-- Directions --
The line containing "After seed germination, C01", plus every line that follows it to the end of the listing below, is what you transcribe exactly; omit all pictures.

-- Information provided --
━━━━━━━━━━━━━━━━━━━━

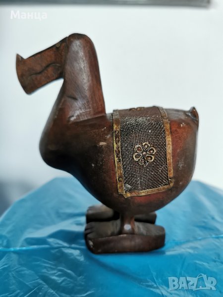 Стара, дървена фигура с меден обков. Размери 12/12 см. Произход Северна Африка.
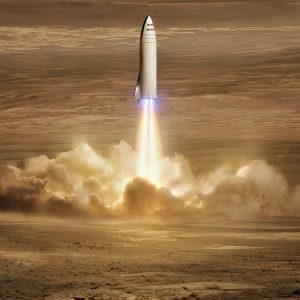Взлет Starship с Марса (концепт). Источник: SpaceX
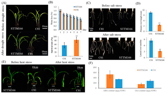 After seed germination, C01 and STTM166-M seeds were transferred into pots (10 cm × 10 cm) with 280 g soil. The plants were grown in plant chamber (RTQP-1000, TOP Instrument, Hangzhou, China) under 16 h of ~1200 µmol photons m−2 s−1 PPFD at 28 °C and 8 h of darkness at 25 °C, and ~70% relative humidity. The plants were well watered. To conduct drought and salt stress treated experiments, two-week-old pot-grown maize seedlings were subjected to water-limitation and NaCl solution (200 mM) treatments for three replicates [71,72]. In drought treatment, each replicate includes 12 seedlings of C01 and STTM166-M for 7 days water withholding. During the treating process, the water loss rate was measured for each day by weighting the plant pots. On the 8th day of water-limitation, the treated maize seedlings were re-watered, and the survival rate were recorded on the 8th day after re-watering. In salt treatment, each replicate includes 12 seedlings of C01 and STTM166, grown in 1/2 MS medium solution with 200 mM NaCl for 7 days. After salt stress, primary and lateral roots of C01 and STTM166 plants were counted. For heat stress treatment, three-week-old pot-grown maize seedlings of C01 and STTM166 were selected to grow in a plant incubator (RTQP-1000, TOP Instrument, Hangzhou, China) for 4 days, the growth condition was set as 16 h of ~1200 µmol photons m−2 s−1 PPFD at 38 °C and 8 h of darkness at 28 °C, ~70% relative humidity. These treated plants were well-watered without other stress.
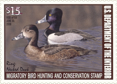 Inscription: Front - "U.S. Department of the Interior. Void after June 30, 2008. Migratory Bird Hunting and Conservation Stamp. $15. Ring-Necked Duck." back - Barcodes "333600" on four corners of pane. Federal Duck Stamp information on back of each stamp.

━━━━━━━━━━━━━━━━━━━━

-- Solution for this problem --
 After seed germination, C01 and STTM166-M seeds were transferred into pots (10 cm × 10 cm) with 280 g soil. The plants were grown in plant chamber (RTQP-1000, TOP Instrument, Hangzhou, China) under 16 h of ~1200 µmol photons m−2 s−1 PPFD at 28 °C and 8 h of darkness at 25 °C, and ~70% relative humidity. The plants were well watered. To conduct drought and salt stress treated experiments, two-week-old pot-grown maize seedlings were subjected to water-limitation and NaCl solution (200 mM) treatments for three replicates [71,72]. In drought treatment, each replicate includes 12 seedlings of C01 and STTM166-M for 7 days water withholding. During the treating process, the water loss rate was measured for each day by weighting the plant pots. On the 8th day of water-limitation, the treated maize seedlings were re-watered, and the survival rate were recorded on the 8th day after re-watering. In salt treatment, each replicate includes 12 seedlings of C01 and STTM166, grown in 1/2 MS medium solution with 200 mM NaCl for 7 days. After salt stress, primary and lateral roots of C01 and STTM166 plants were counted. For heat stress treatment, three-week-old pot-grown maize seedlings of C01 and STTM166 were selected to grow in a plant incubator (RTQP-1000, TOP Instrument, Hangzhou, China) for 4 days, the growth condition was set as 16 h of ~1200 µmol photons m−2 s−1 PPFD at 38 °C and 8 h of darkness at 28 °C, ~70% relative humidity. These treated plants were well-watered without other stress.
 Inscription: Front - "U.S. Department of the Interior. Void after June 30, 2008. Migratory Bird Hunting and Conservation Stamp. $15. Ring-Necked Duck." back - Barcodes "333600" on four corners of pane. Federal Duck Stamp information on back of each stamp.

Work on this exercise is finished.